▶ [WHAT THE EXERCISE ASKS]:
Omit the pictures. Transcribe exactly the lines below, from the one with "Pomocnik fryzjerski Sibel" up to and including the last.

▶ [GIVEN INFORMATION]:
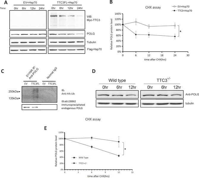 Figure 4: TTC3 facilitates POLG degradation in the presence of co-transfected Hsp70. (A and B) CHX assay. With co-transfected Hsp70, TTC3 increased the POLG degradation rate. Times (hours) are shown after CHX treatment (time 0). Relative intensities were measured using NIH Image J (B). POLG band intensity was normalized to α-tubulin and then normalized to the 0 hour time point. The error bars represent mean ± standard error (SE) (n = 3). *P < 0.05. (C) Endogenous POLG ubiquitination with co-transfected TTC3 and Hsp70. Wild-type TTC3 or pCMV-Myc empty vector was transfected into 293T cells with FLAG-Hsp70 and HA-Ub and resulted in a higher level of endogenous POLG poly-ubiquitination than in the control vector (pCMV-Myc empty vector). (D and E) CHX assay. A reverse experiment knocking out one copy of endogenous TTC3 was performed. The POLG degradation rate was lower in the TTC3+/– MEFs than in the wild-type MEFs. Times (hours) are shown after CHX treatment (time 0). Relative intensities were measured using NIH Image J (E). POLG band intensity was normalized to α-tubulin, and then normalized to the 0 hour time point. The error bars represent mean ± SE (n = 3). *P < 0.05.
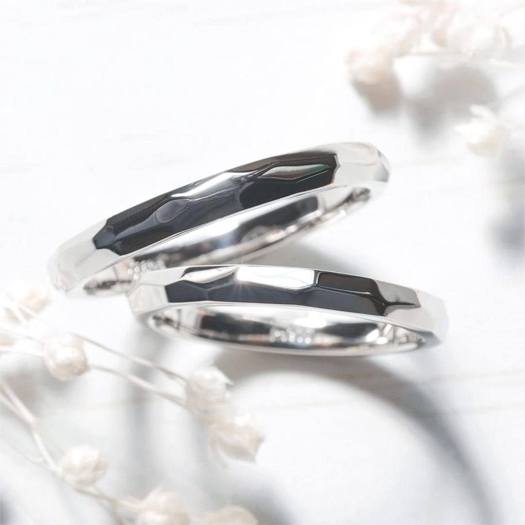 それぞれの断面があらゆる方向に輝く手作り結婚指輪。 どちらもプラチナ900素材で表面はポリッシュ仕上げです。 オリジナルの凸凹感が魅力的です。
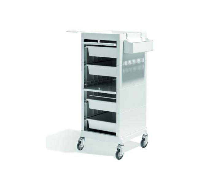 Pomocnik fryzjerski Sibel Discrete w kolorze kremowym to praktyczny i niezastąpiony element wyposażenia salonu fryzjerskiego. Posiada 4 praktyczne szuflady, uchwyt na suszarkę do włosów i praktyczną półkę na narzędzia, którą można powiesić na wózku. Szuflady można zamknąć za pomocą dwóch przesuwnych drzwiczek z magnetycznym mocowaniem. Pomocnik zap... więcej »
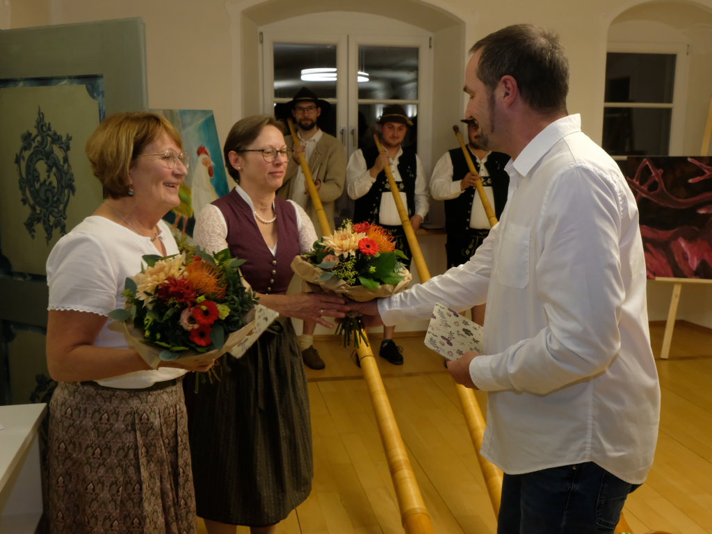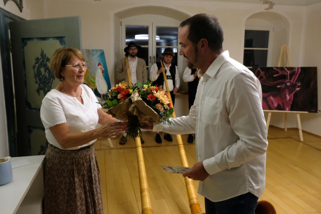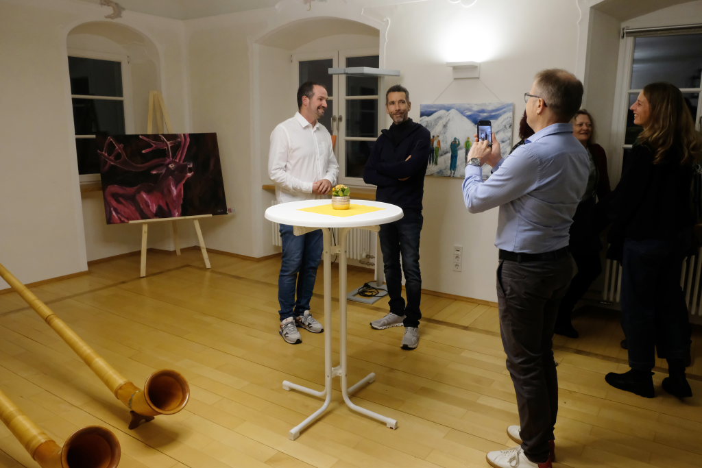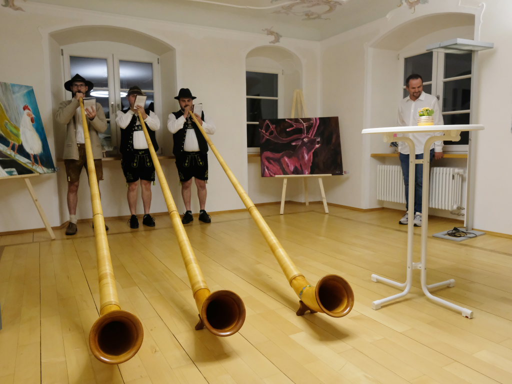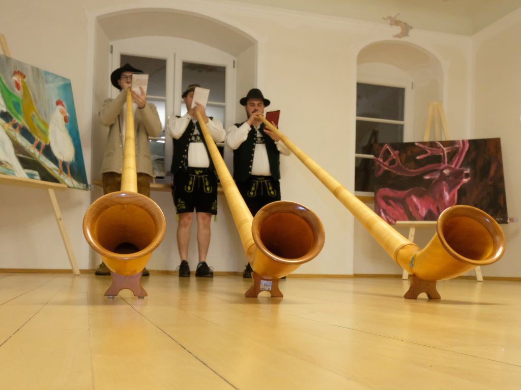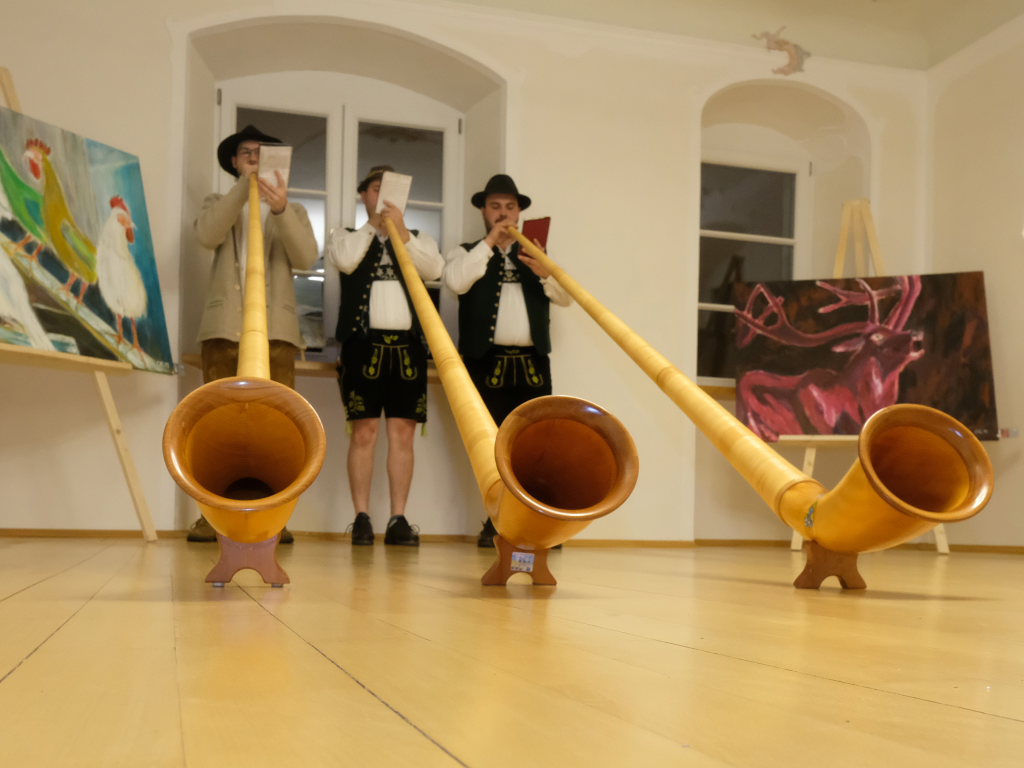 Premiere: Alphornbläser bei einer Vernissage in Maria Rosengarten

▶ [OUTPUT]:
 Pomocnik fryzjerski Sibel Discrete w kolorze kremowym to praktyczny i niezastąpiony element wyposażenia salonu fryzjerskiego. Posiada 4 praktyczne szuflady, uchwyt na suszarkę do włosów i praktyczną półkę na narzędzia, którą można powiesić na wózku. Szuflady można zamknąć za pomocą dwóch przesuwnych drzwiczek z magnetycznym mocowaniem. Pomocnik zap... więcej »
 Premiere: Alphornbläser bei einer Vernissage in Maria Rosengarten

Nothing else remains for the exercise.